━━━ Source material

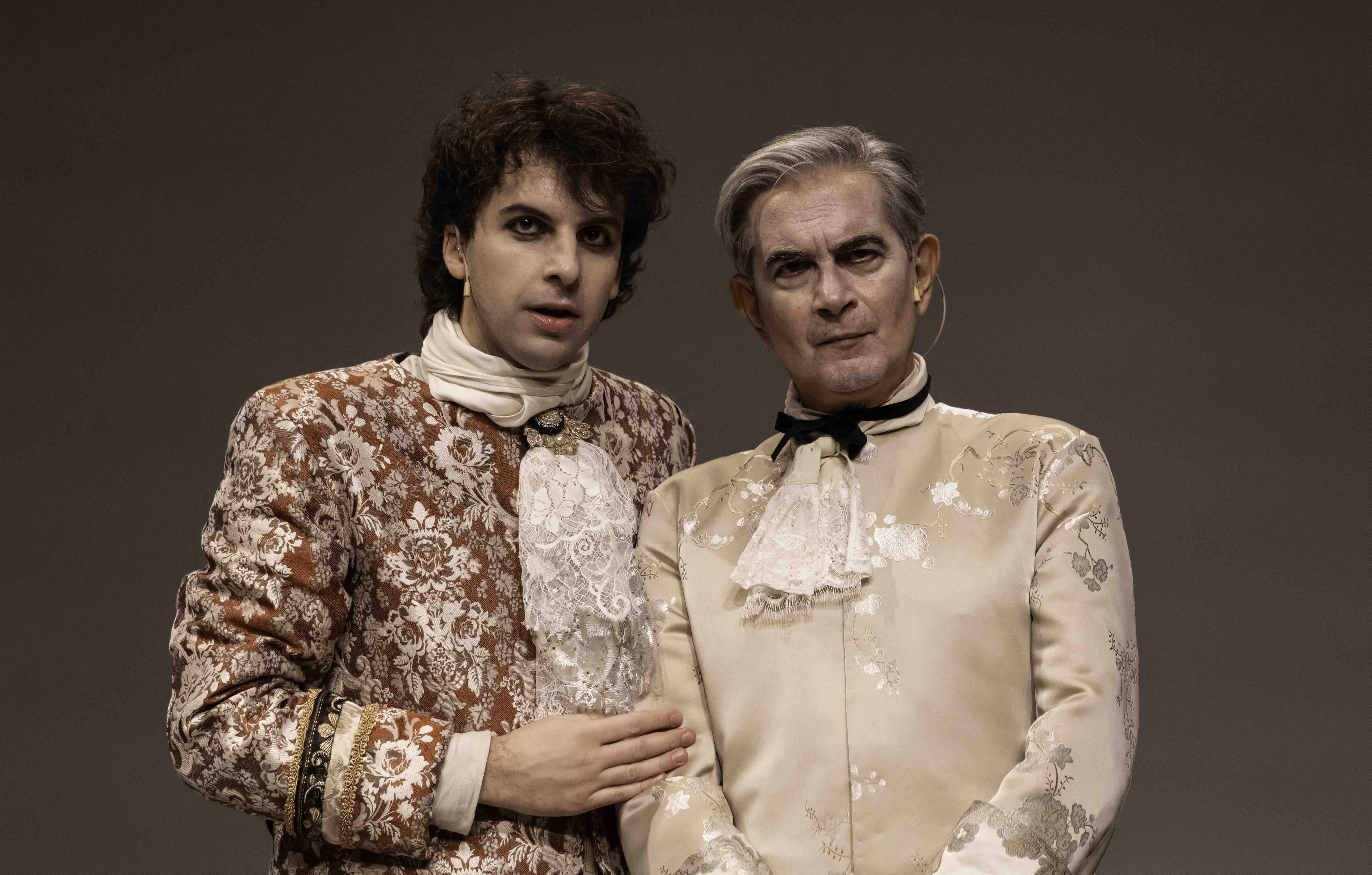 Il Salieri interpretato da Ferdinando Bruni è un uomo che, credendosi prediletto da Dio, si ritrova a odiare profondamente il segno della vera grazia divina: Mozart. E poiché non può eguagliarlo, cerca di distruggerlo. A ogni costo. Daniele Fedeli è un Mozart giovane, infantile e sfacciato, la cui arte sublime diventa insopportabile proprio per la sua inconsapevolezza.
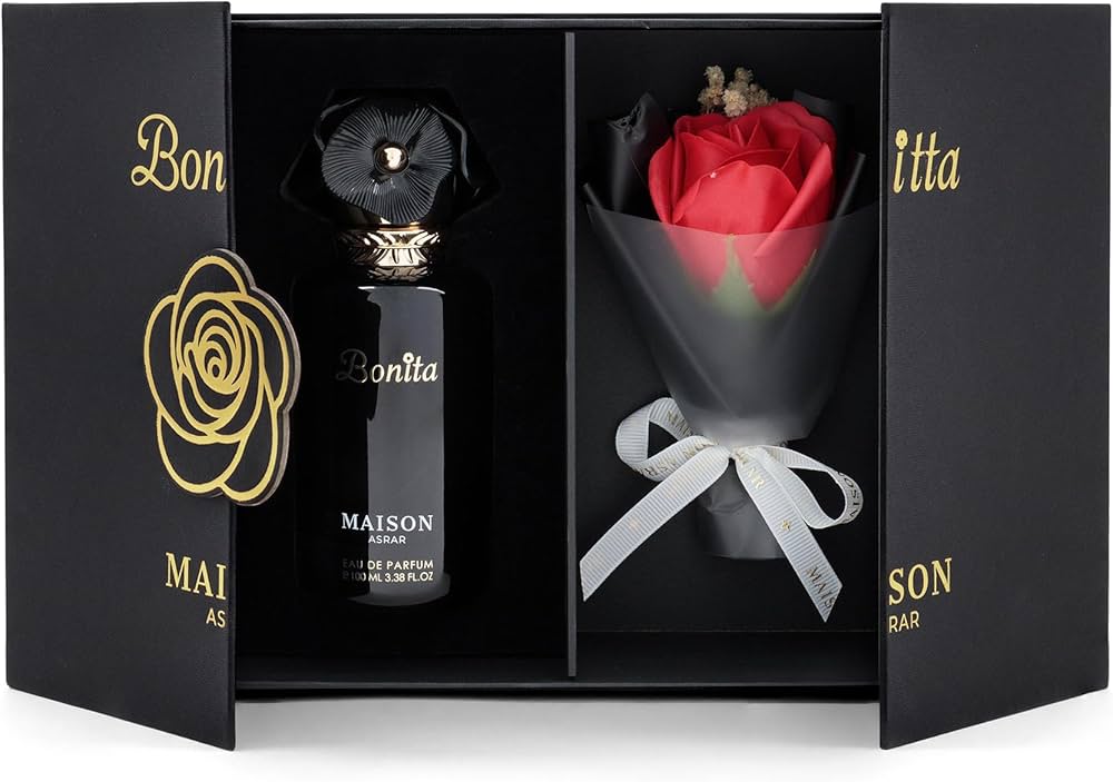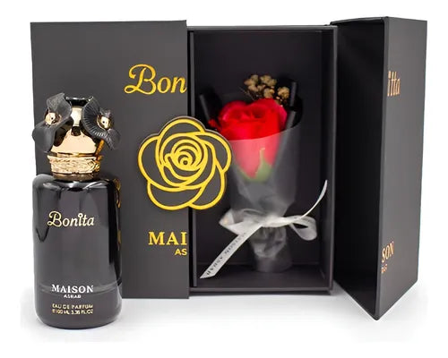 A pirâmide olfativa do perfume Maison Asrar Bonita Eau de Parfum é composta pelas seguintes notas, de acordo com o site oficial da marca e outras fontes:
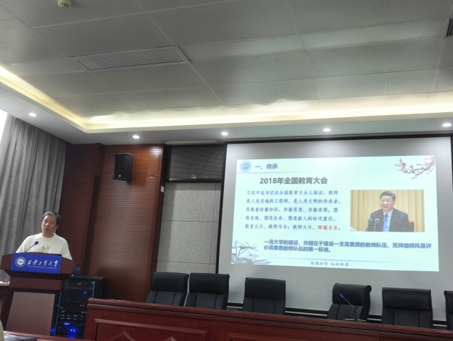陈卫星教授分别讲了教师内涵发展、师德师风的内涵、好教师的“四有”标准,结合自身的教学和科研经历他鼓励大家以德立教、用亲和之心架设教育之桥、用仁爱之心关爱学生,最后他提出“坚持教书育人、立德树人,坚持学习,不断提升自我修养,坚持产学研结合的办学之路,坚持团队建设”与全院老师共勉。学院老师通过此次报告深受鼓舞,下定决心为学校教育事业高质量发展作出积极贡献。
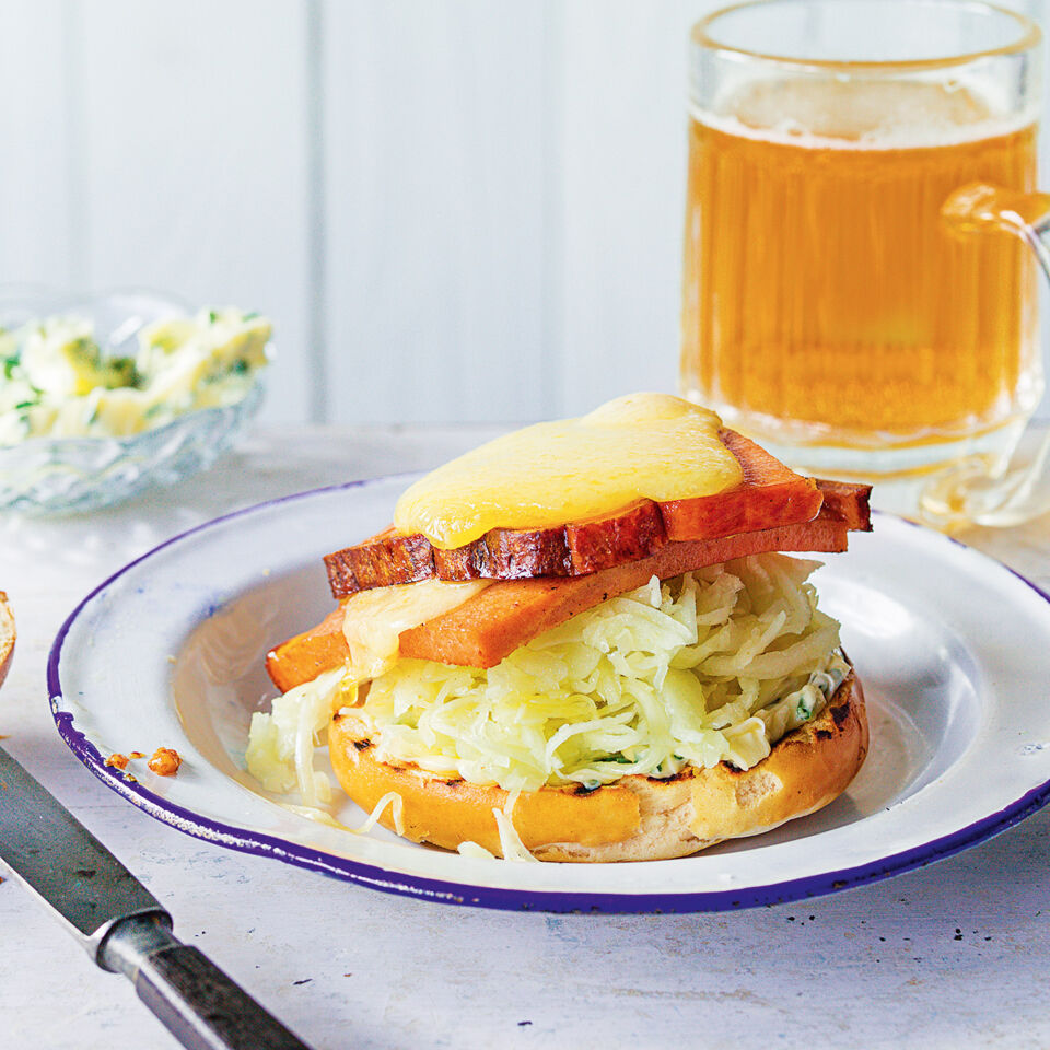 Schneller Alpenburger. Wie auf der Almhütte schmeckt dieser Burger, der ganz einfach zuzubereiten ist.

━━━━━━

§ **Task to carry out**: While skipping the pictures, transcribe the data above from the line showing "A pirâmide olfativa" through the line showing "陈卫星教授分别讲了教师内涵发", exactly and with both ends.

§ **Task solution**:
 A pirâmide olfativa do perfume Maison Asrar Bonita Eau de Parfum é composta pelas seguintes notas, de acordo com o site oficial da marca e outras fontes:
陈卫星教授分别讲了教师内涵发展、师德师风的内涵、好教师的“四有”标准,结合自身的教学和科研经历他鼓励大家以德立教、用亲和之心架设教育之桥、用仁爱之心关爱学生,最后他提出“坚持教书育人、立德树人,坚持学习,不断提升自我修养,坚持产学研结合的办学之路,坚持团队建设”与全院老师共勉。学院老师通过此次报告深受鼓舞,下定决心为学校教育事业高质量发展作出积极贡献。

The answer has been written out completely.